We don't think there are any such conclusive conclusions here. Intel's results on the slow performance increase in AMD Zen 2 laptop CPUs are obviously in line with the facts – we had no problem confirming this, and it explains why many of Intel's preferred benchmarking techniques have larger performance deltas in Team's favor Blue exhibit as the most widely used industry benchmarks like Cinebench, PassMark and so on.
However, this ignores the higher efficiency of AMD systems beyond the delayed transition to maximum performance (and battery consumption) in the CPU. When we run Cinebench R23 for five full minutes, a Ryzen 7 Pro 4750u system renders more scenes than the Intel i7-1185G7, and does so with lower overall power consumption. There is no clever trick to explain this.
We also believe that there is a voting point on both sides. Intel's faster transition to the top performing state brings some real-world benefits, but we're not sure they're as compelling as the charts make them seem. In practice, we've spent some time with Zen 2 and Tiger Lake laptops – and the Tiger Lake systems don't really feel any faster in terms of a subjective experience. This strongly suggests that it often does not make sense to start up the CPU performance profiles so quickly.

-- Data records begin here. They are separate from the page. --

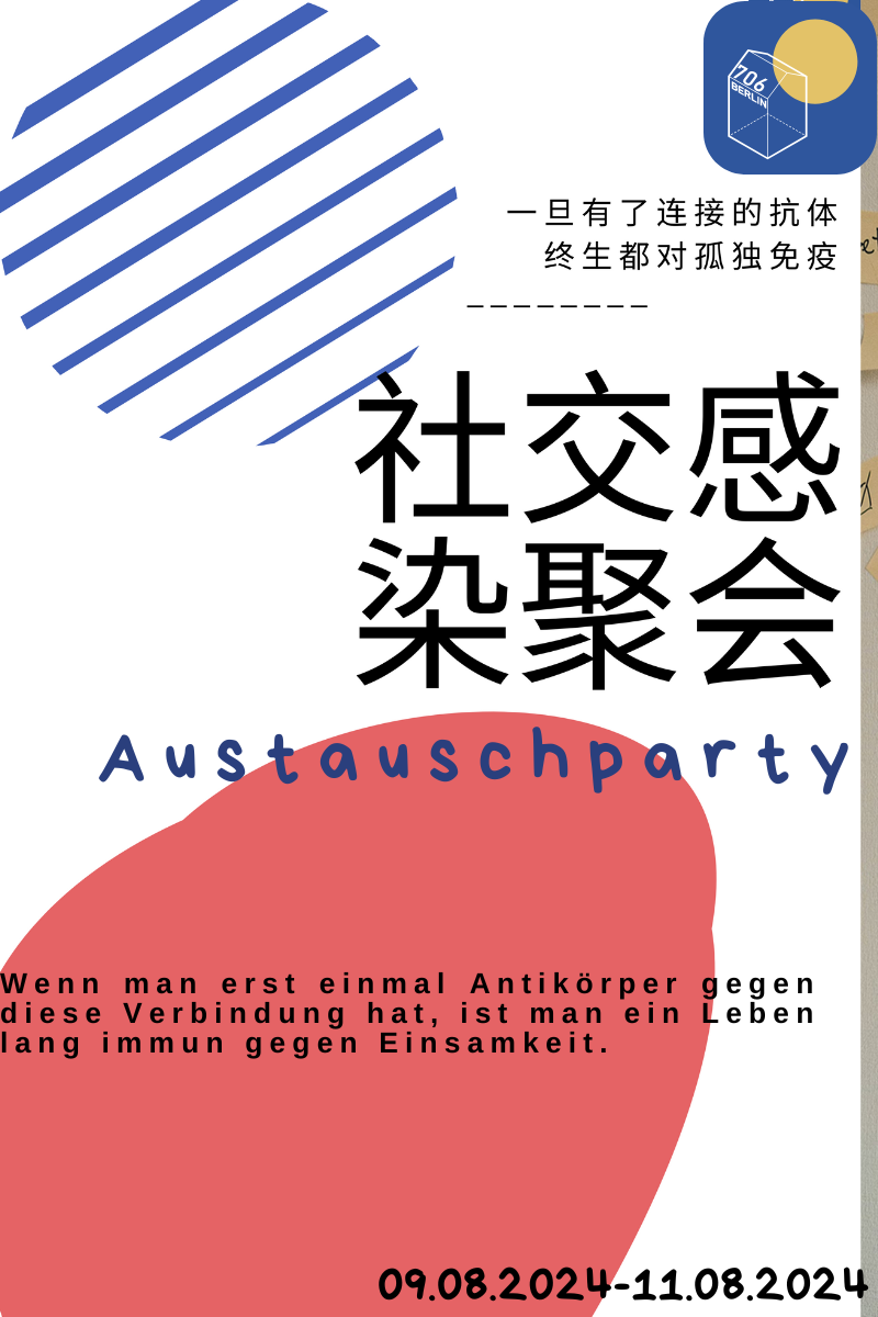 什么是「社交感染聚会」? 现代社会是由一个个独立的原子个人构成的整体。 这种独立一方面成就了现代人的独立人格,另一方面又带来独属于现代人的孤独与焦虑。而身处原子化社会,破除“孤独感”的唯一方式便是“与他人产生连接”。在这个城市,**由706柏林提供场地,我们邀请你一起发起或者参与活动,在这个空间内,我们一起聊聊哲学、艺术、音乐,或讨论异国之间的文化差异,分享自己的成长经历,任何话题都可以。** 在这快速的城市生活中,或者异国他乡的留学生活中,借此机会,面对面畅谈,分享创意,释放情绪,建立深度交流,使互不相识的我们产生了交集,感染了对方,从此不再是一个孤独的原子。我们相信每一场社交聚会的感染力,它会把温度和真诚带给更多人。这就是我们办这场活动的初心与目的。 「活动介绍」 1:「我那低俗的口腹之欲-食物的存在主义」 发起人:铁螺 **13:00-15:00 11.08.2024** 当人们聊到饮食问题,谈论的都是凌驾于食物本身的附加条件--囤积的压力,外界的眼光,自信的匮乏…而食物本身带来的感官体验却被我们忽视了。 在我们尝试与口腹之欲对抗时,食物自始至终还是伴随着我们。吃有吃的快乐,不吃也有不吃的爽快,但无论如何,食物与我们的联结真实存在着。 让我们来分享那些因为食物产生的好情绪或坏体验,看看那些被判为低俗的口腹之欲,是否也有它的价值? 2:「黑暗听歌会」 发起人:Woody **21:30-23:00 09.08.2024** 上一次你好好听一首歌是什么时候了? 这次,我们会在完全黑暗的环境中,关上所有的器官,只留下耳朵聆听音乐。从一首歌中,探索一个故事,了解一个人,分享一份感受。在音符里,在黑暗中,我们重新感受自身,体会人与人之间的联系。 3:「柏林徒步野餐」 发起人:老蔡 **8:00-13:00 10.08.2024** 柏林的夏天独一无二,白天既长黑夜又短,十分适合户外活动以享受热暖的季节。因为冷战时西柏林被关在柏林墙之内,所以城市面积没有过度地扩展到柏林城界之外,而保留了破坏程度比较低的自然环境。之前属于柏林墙死亡之带的 Tegeler FlieB现在是一片湿地自然保护区,非常适合以历史和自然环境融合为独特的体验。活动过程中我们会沿路摘一些野生水果并一起野炊。*路程长度约为12公里* 4:「柏林墙-冷战和二十一世纪的新围墙」 发起人:老蔡 **8:00-13:00 11.08.2024** 柏林在冷战分东西两块儿,变成政治思想矛盾的聚焦城市。本次活动带我们去参观两段平时见不到游客的柏林墙遗址,在它叙述的故事之中,咱们汇集一下世界上的围墙都在意味着什么,代表什么以及起什么作用,包含在内有过去、现在和未来的事儿。咱们再放飞一下念头,聊聊还有没有别的见解。 5:「我要高潮!」 发起人:晓晓&铁螺 **19:00-21:00 10.08.2024** 你是否曾在燥热的夜里辗转反侧,回想起自己青涩的性体验?是否因为缺乏经验和讨论对象,装出镇定自若的样子?是否担心享受性愉悦会被羞辱,或者不善于享受会被嘲笑? 很多女性在经历性探索时,常常会感到困惑和羞耻。欲望的火苗不仅没有减弱,反而愈燃愈烈。你或许想尝试一些小玩具,却不好意思去店里选购,不知道如何开始。 与其独自烦恼,不如来和我们一吐为快:我要灵魂的自由,还要肉体的愉悦。我要快乐,我要高潮!! 6:「《不想梦以及梦想》致郁与治愈」 发起人:晓晓 **19:00-21:00 09.08.2024** 这次活动将围绕我的硕士项目:一本基于我对43位抑郁症患者采访而设计的书《不想梦以及梦想》展开。通过这本书,我们希望能够提供支持、鼓励和理解,帮助更多的人了解和应对抑郁症。 7:「社群作为一种新的旅行方式」 发起人:Woody **15:30-17:30 11.08.2024** 经历两年的旅居后我开始思考,什么是一种有效的旅行方式?经历过小红书式的打卡,硬核式的徒步露营,随机式的街头抽取路人聊天,最终发现,社群可能是一种全新的旅行方式。每到一个城市都有据点,通过发起活动、申请沙发客等方式认识当地的小伙伴,透过他们的眼睛去全新地理解一个城市。 8:「聊聊你做过的记忆深刻的梦」 发起人:周日 **15:30-17:30 10.08.2024** 你还记得你做过的“很深刻”的梦吗?内容上涵盖去世的亲人/前任,不认识的还没出现的人/认识的不知道为什么会被梦到的人等;从时间感知上梦境的内容可能一直停留在某个固定的场景,像电视剧一样有些梦在固定的背景情境下连续地发生。已经过去的依恋和不舍的人在梦里的现在时态,并且你还记得这个梦,梦也影响了你在现实生活中的生活态度等情况。总之,你还记得什么,那些你记得的梦究竟有多么有趣/难忘?你的现实生活和梦境有着怎样的连接,并如何影响到你感知和认为的自我变化或是“成长”? 9:「小酒馆:谈性说爱」 发起人:周日 **21:30-23:00 10.08.2024** 主要通过“断手指”(用手指代表每个人的10次机会)游戏,将聊天主题限制在性这个话题,然后看看有哪些有趣的故事在保密不外传的活动空间内发生。如果有身体障碍有关人士,上述游戏方式将根据报名情况变更。 活动地点:柏林Kreuzberg,报名后通知。 报名方式:已加入群聊朋友在群里接龙;未加入群聊朋友则向邮箱:706berlinyouthcommunity@gmail.com发送报名。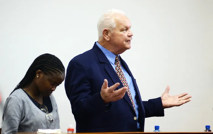 Johannes Burger, the last police officer to see Imam Abdullah Haron alive at the police station, answering questions in cross-examination by advocate Havard Varney. Photo: Phando Jikelo/African News Agency (ANA)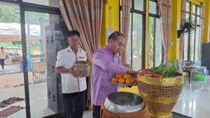 วันพุธที่ 27 สิงหาคม 2568 เวลา 07.00 น. ว่าที่ร้อยตรี สุรสิทธิ์ ถิตย์สมบูรณ์ ผู้อำนวยการสำนักงานเขตพื้นที่การศึกษาประถมศึกษากาฬสินธุ์ เขต 1 พร้อมด้วย ดร.รัตติยา ภูมิสายดร ศึกษานิเทศก์ประจำกลุ่มเครือข่ายพัฒนาคุณภาพการศึกษาเมืองโปงลาง คณะผู้บริหารในกลุ่มเครือข่ายฯทุกท่าน ผู้นำชุมชน ผู้ปกครองนักเรียนในชุมชน ร่วมกิจกรรมทำบุญตักบาตร ถวายภัตตาหารเช้าพระภิกษุสงฆ์ ณ วัดป่าชัยมงคล อำเภอเมือง จังหวัดกาฬสินธุ์ และร่วมรับประทานอาหารเช้า พบปะ สนทนา กับผู้นำชุมชน ผู้ปกครอง และประชาชนที่มาร่วมกิจกรรม โดยการจัดกิจกรรมในครั้งนี้ มีวัตถุประสงค์ เพื่อสร้างความสัมพันธ์อันดีกับชนชุม (บ้าน วัด โรงเรียน)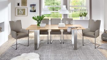 Das steinfarbene Leder und die Holzfüße in Eiche Bianco machen dieses elegantes Sitzmöbel zu etwas ganz Besonderem. Und so macht der Polsterstuhl mit den Maßen von ca. 55 x 98 x 60 cm (BxHxT) als Flurmöbel, im Gästezimmer oder als Schlafzimmermöbel solo eine gute Figur. Zu mehreren stellen Sie den Armlehnstuhl mit hübschen Ziernähten rund um Ihren Esstisch in der Küche oder im Wohnzimmer.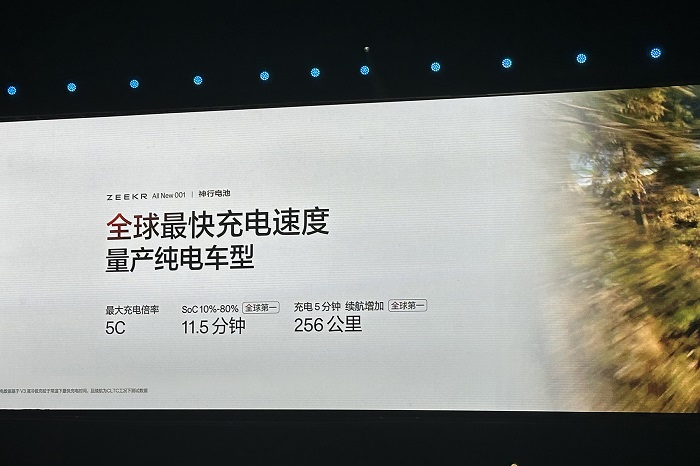 全新极氪001对动力系统做了全面升级,采用全栈自研的800V高压系统,并为用户提供了两款动力电池,分别是100度麒麟电池和95度宁德时代神行电池。其中,前者拥有750km的续航表现,并且电量从10%充到80%只需15分钟;后者拥有675km的续航表现,电量从10%充到80%只需11.5分钟,充电5分钟续航增加256km。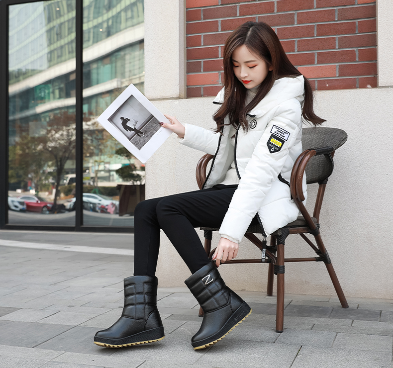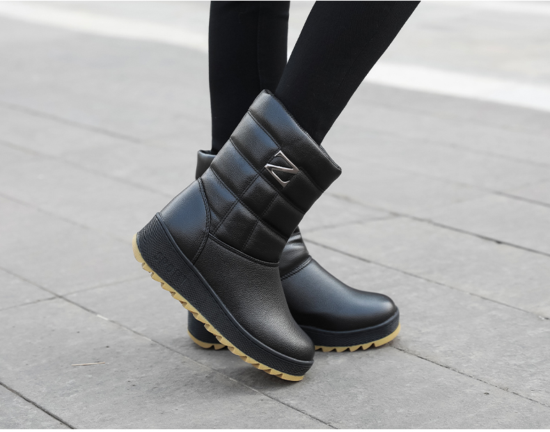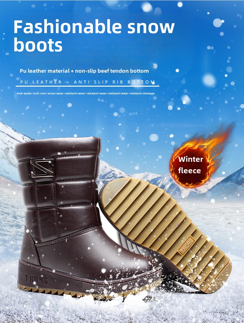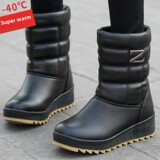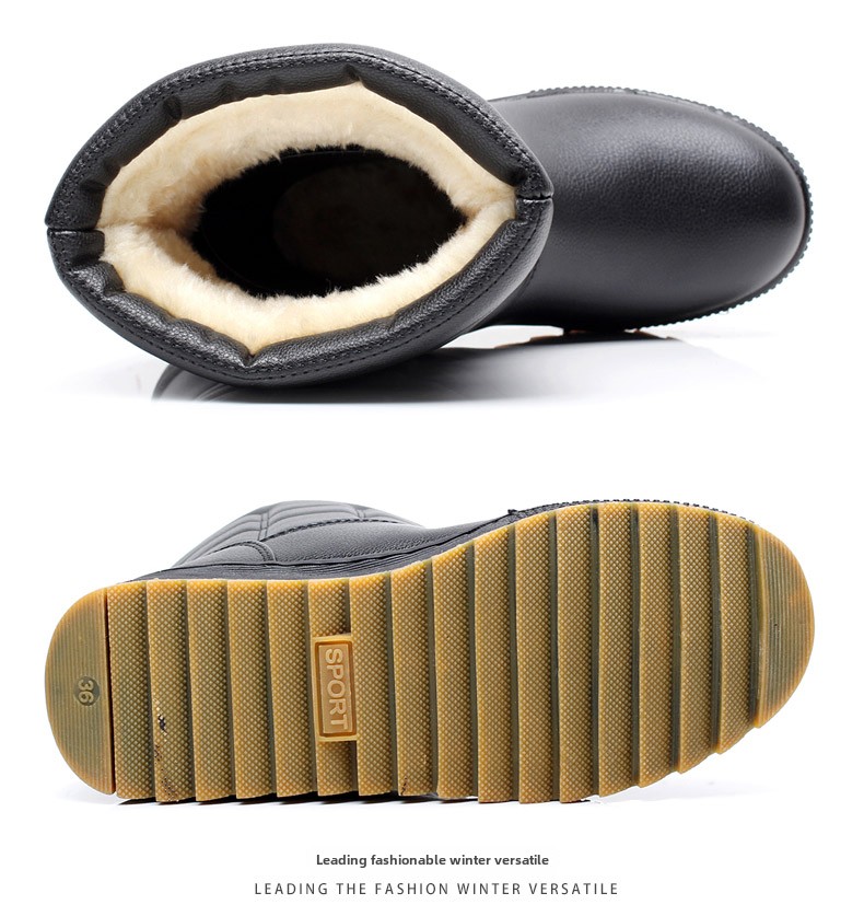 Зимние женские зимние сапоги 2025 года, бархатные утолщенные туфли до середины икры для мам среднего и пожилого возраста, водонепроницаемые и нескользящие высокие ботинки.

If the system pilot does not notice the improvement in latency, it is probably better to save the battery instead.
… and continues
There are a few exceptions – the most likely one is the start time. Tiger Lake systems boot up phenomenally quickly – and resume the interruption – and we suspect their willingness to get performance to the max immediately has a lot to do with that. One developer we spoke to speculated that JavaScript just-in-time compilation (JIT) might be another short workload that is still easily human-perceived.
We suspect that the best news for consumers is that the "which system is better" argument is so difficult to answer. This level of competition means that no team can rest on their laurels and consumers are less likely to buy systems that no one wants if they are fully aware of the differences.